Analyses of long range correlations in DNA sequences revealed that in the intergenic sequences a very strong triplet signal can be detected [13, 14]. This signal can be created by fragments of coding sequences transferred into intergenic space by recombination mechanisms. Since the nucleotide compositions of the first, the second and the third nucleotide positions in coding sequences are strongly correlated, these correlations are seen even in some noncoding intergenic sequences. We have assumed that some intergenic sequences have derived from coding sequences and could freely accumulate mutations with frequencies determined by the replication-associated mutational pressure. If the time of divergence has not been very long, the homology between the intergenic sequences and their original protein coding sequences can be found (these original coding sequences we have called the reference sequences).
We have made an assumption that mutations have been accumulated only in the intergenic sequences and not in the reference sequences, which is not exactly true, but which enabled accomplishing our studies. This assumption could give a good approximation of mutational pressure exerted on intergenic sequences. Many other authors, who have constructed matrices of substitutions using the mutations accumulated in pseudogene sequences have made the same assumptions [15, 16]. Such an assumption could give higher estimated mutational rate than the real one. Nevertheless, the substitution rates in the matrices are described as a relative values thus, it should not change the values in the matrix.

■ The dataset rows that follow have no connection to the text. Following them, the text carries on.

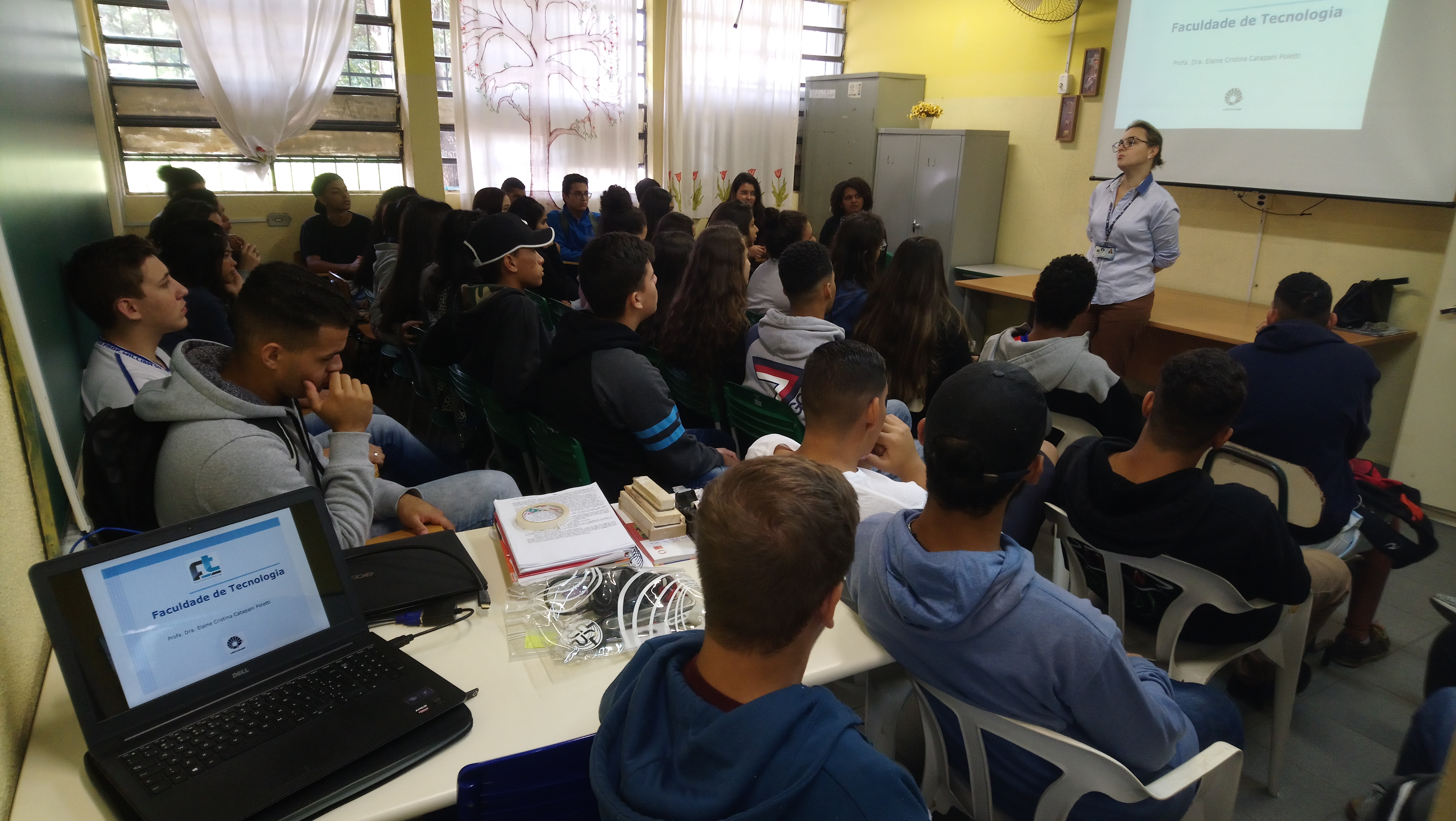 O Prof. Dr. André Franceschi de Angelis e a Profa. Dra. Elaine Cristina Catapani Poletti realizaram, no dia 08/11, uma divulgação dos Cursos da FT, Vestibular, PIBIC-EM e CAF na escola EE Prof. William Silva.
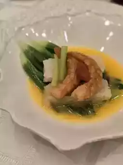 Starting off was the "Trio of Marinated Delights," featuring cuttlefish, century egg, and sea cucumber. First up was the Chaozhou-style marinated cuttlefish with Sichuan peppercorns. Its tender and fresh texture carried the aroma of Chaozhou-style marinade with a subtle hint of numbing spice, making it a refreshing appetizer.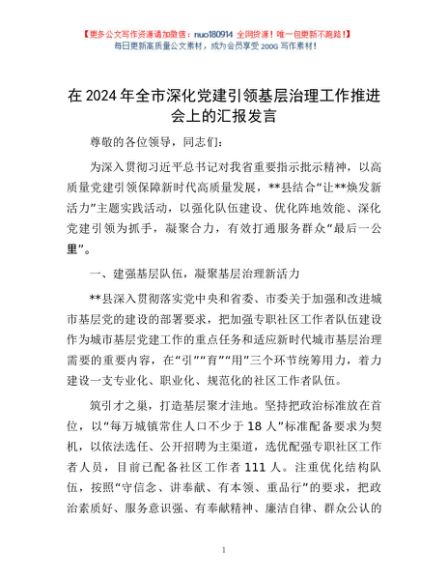 / 在2024年全市深化党建引领基层治理工作推进会上的汇报发言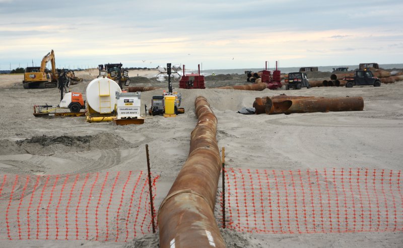 The beach sand causes the tracks to make a high-pitched whine, but excavators in the construction zone can delicately move the 40-foot-long, 2-ton pipes into a specific location so they can be connected to extend the replenishment area.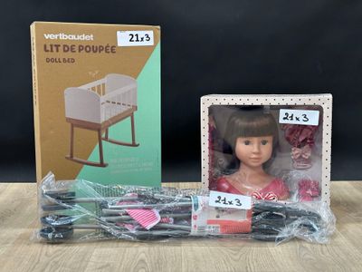 Réunion de : - VERTBAUDET - lit de poupée; - Tête à coiffer …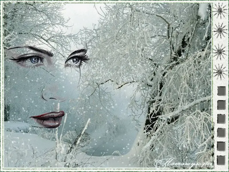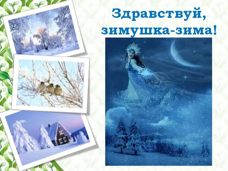 1 ученик: Самая старшая из сестёр - Зима. Любит она всё белоснежное, мягкое и пушистое. А вот характер у неё строгий. Не любит она, когда ей перечат, печей не топят, у огня не греются. Рассердится Зима, морозом так дыхнёт, что даже деревья трещат.

We have chosen for our analyses the B. burgdorferi genome because there are many premises indicating that this genome is in the steady state. The B. burgdorferi genome is very asymmetric, which suggests its structural conservation . There are not many inversions of genes between the leading and lagging strands or the mutational pressure has had enough time to make the inverted genes resemble the genes of the new strand . The nucleotide composition of the third positions in codons testifies for the very conserved structure of chromosome. These positions follow precisely the sign of the asymmetry of intergenic sequences and, the third positions of Open Reading Frames (ORFs) situated on the leading and lagging strands have precisely mirror asymmetry, which is even stronger than that of intergenic sequences . This paradox could be explained assuming that the highly degenerated third positions have accumulated more neutral or near neutral mutations introduced by the replication-associated processes because they stay at their positions longer than intergenic sequences. There are constraints for inversions of coding sequences but no constraints for inversions of intergenic sequences. Thus, some newly inverted intergenic sequences could complement the asymmetry of the "new host" strand.
Results and Discussion
Testing the table of substitutions and verifying the assumptions
Once having experimentally found the rates of all types of substitutions (Table 1, Borrelia burgdorferi Table of Substitutions (BbTS)), we were able to test these data and to verify our previous assumptions. In equilibrium, the number of a given nucleotide substituted by other nucleotides should be balanced by the number of that nucleotide substituting the other nucleotides. The following four equations should be fulfilled:
NA>G + NA>C + NA>T = NG>A + NC>A + NT>A (1)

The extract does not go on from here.